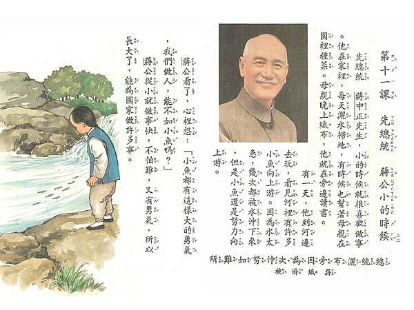 要不然就是什麼蔣公看魚逆流而上,蔣公看了心想:「小魚都有這樣大的勇氣,我們做人,能不如小魚嗎?」頓時會覺得蔣公好神,小時候就有這種胸懷,也想要學他逆流而上,於是脫了衣服往河裡游去,結果不管怎麼游都不會前進,才知道都是騙人的。還說蔣公小時候很喜歡做家事,什麼掃地澆花,母親在忙時還會在一旁讀書寫字,可是自己都不喜歡做家事,也不喜歡唸書,難怪不能成為總統,看來先總統果真是天賦異凜。
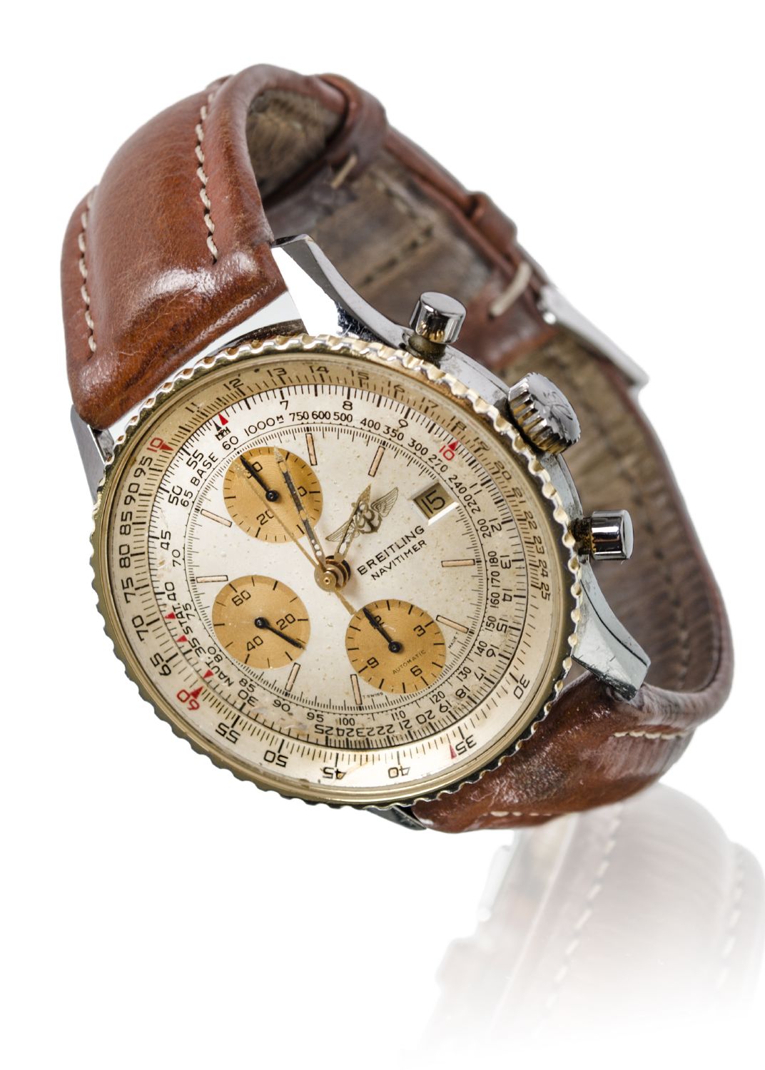 OROLOGIO/CRONOGRAFO Breitling con datario in acciaio ed oro, cinturino in pelle. Anni '90
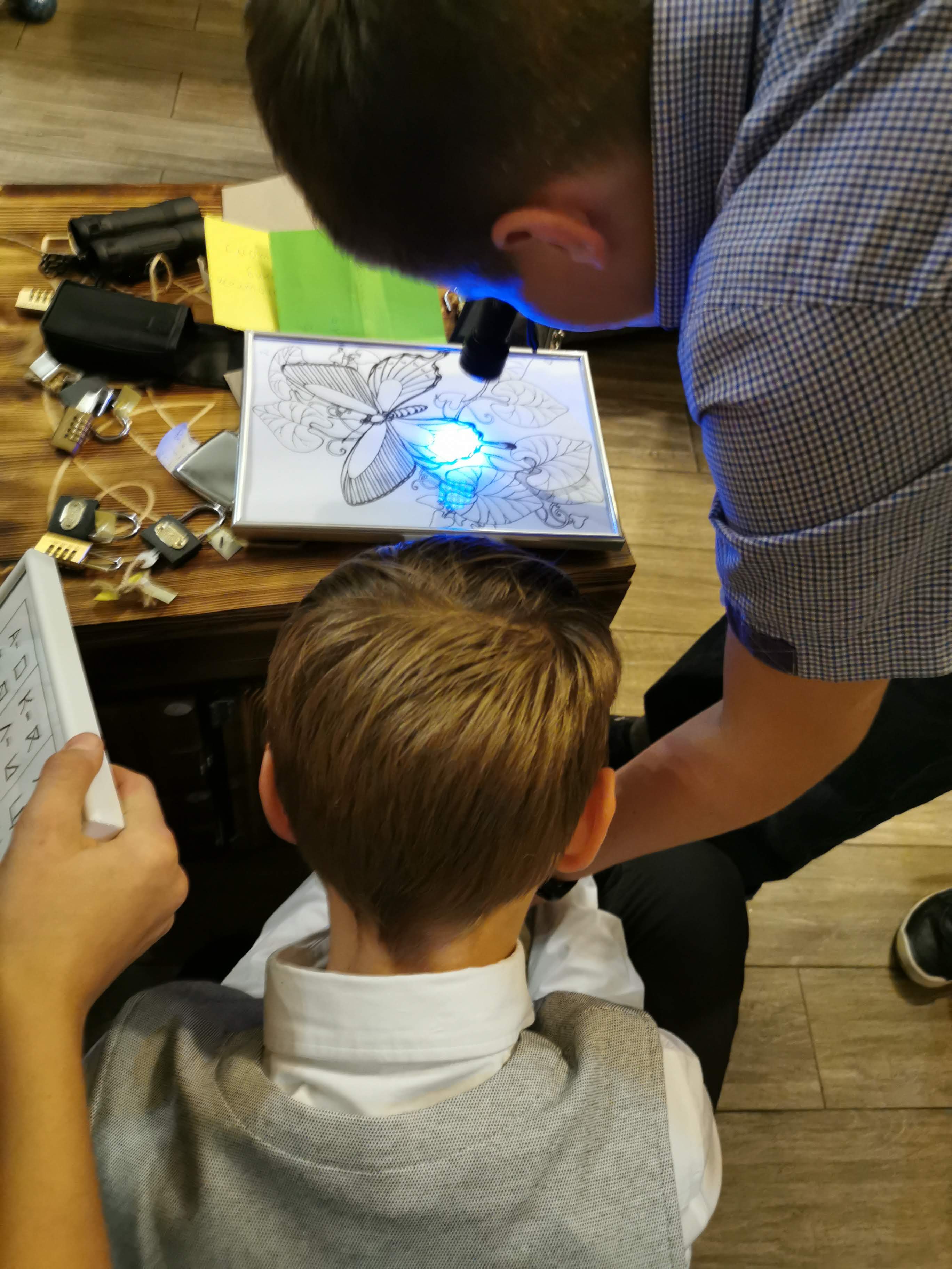 За время квеста ребята выполняют задания с биноклями, зеркалами, ультрафиолетовыми фонарями, картами, находят тайники, решают головоломки, участвуют в интерактивах, демонстрируемых на большом экране и связанных с интуицией команд.

What is expected: For this exercise, copy each line of the data above exactly, from the first through the line containing "OROLOGIO/CRONOGRAFO Breitling con", and drop the pictures.

Result of this task:
 要不然就是什麼蔣公看魚逆流而上,蔣公看了心想:「小魚都有這樣大的勇氣,我們做人,能不如小魚嗎?」頓時會覺得蔣公好神,小時候就有這種胸懷,也想要學他逆流而上,於是脫了衣服往河裡游去,結果不管怎麼游都不會前進,才知道都是騙人的。還說蔣公小時候很喜歡做家事,什麼掃地澆花,母親在忙時還會在一旁讀書寫字,可是自己都不喜歡做家事,也不喜歡唸書,難怪不能成為總統,看來先總統果真是天賦異凜。
 OROLOGIO/CRONOGRAFO Breitling con datario in acciaio ed oro, cinturino in pelle. Anni '90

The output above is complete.